- _TRY IT_
Once you reach the line that holds "Accessoires élégants pour" in the listing below, output it and every line after it through the line that holds "If you're looking", word for word.

- _ENTRIES SHOWN_
--

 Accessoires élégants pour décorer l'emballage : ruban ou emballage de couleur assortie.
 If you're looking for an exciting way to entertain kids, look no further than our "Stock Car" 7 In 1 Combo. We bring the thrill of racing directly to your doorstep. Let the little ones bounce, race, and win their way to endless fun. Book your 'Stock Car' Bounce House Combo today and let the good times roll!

--

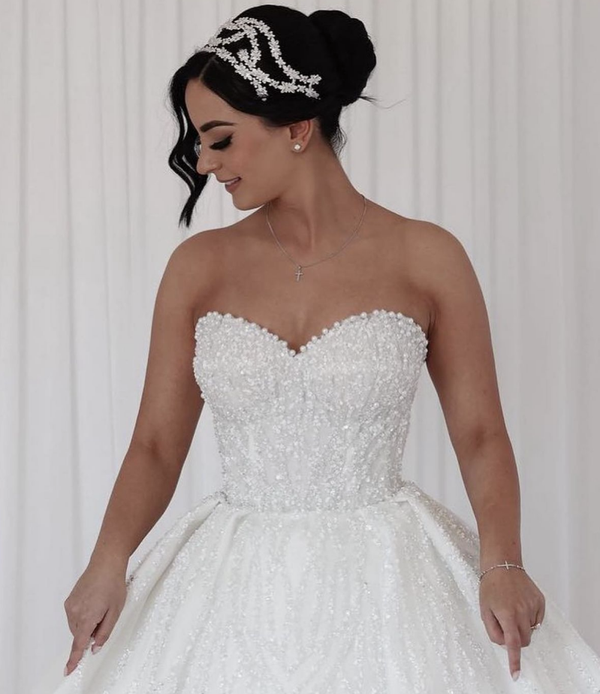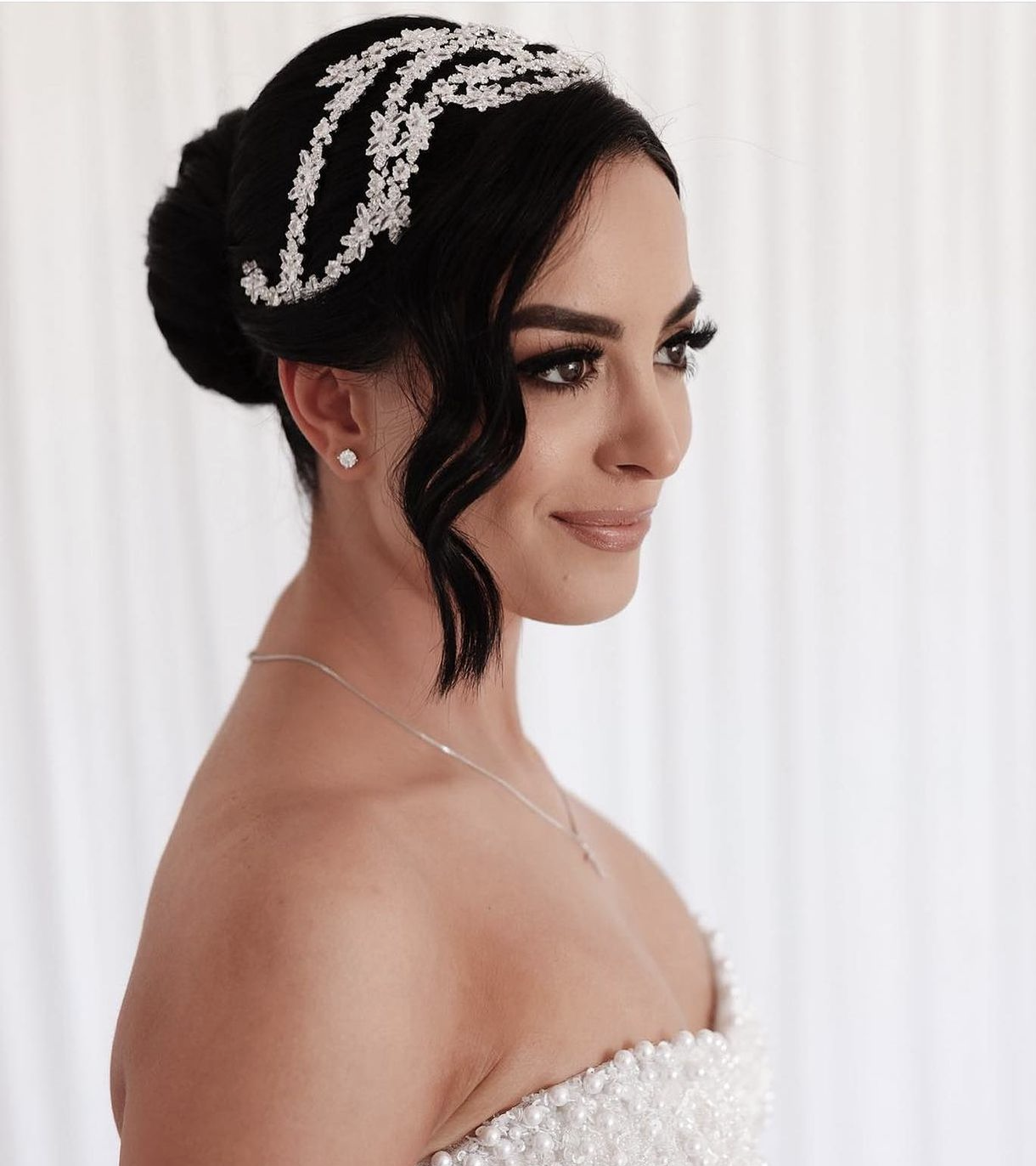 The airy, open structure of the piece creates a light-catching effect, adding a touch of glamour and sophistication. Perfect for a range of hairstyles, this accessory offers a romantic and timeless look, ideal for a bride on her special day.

--

- _SOLVED EXERCISE_
 Accessoires élégants pour décorer l'emballage : ruban ou emballage de couleur assortie.
 If you're looking for an exciting way to entertain kids, look no further than our "Stock Car" 7 In 1 Combo. We bring the thrill of racing directly to your doorstep. Let the little ones bounce, race, and win their way to endless fun. Book your 'Stock Car' Bounce House Combo today and let the good times roll!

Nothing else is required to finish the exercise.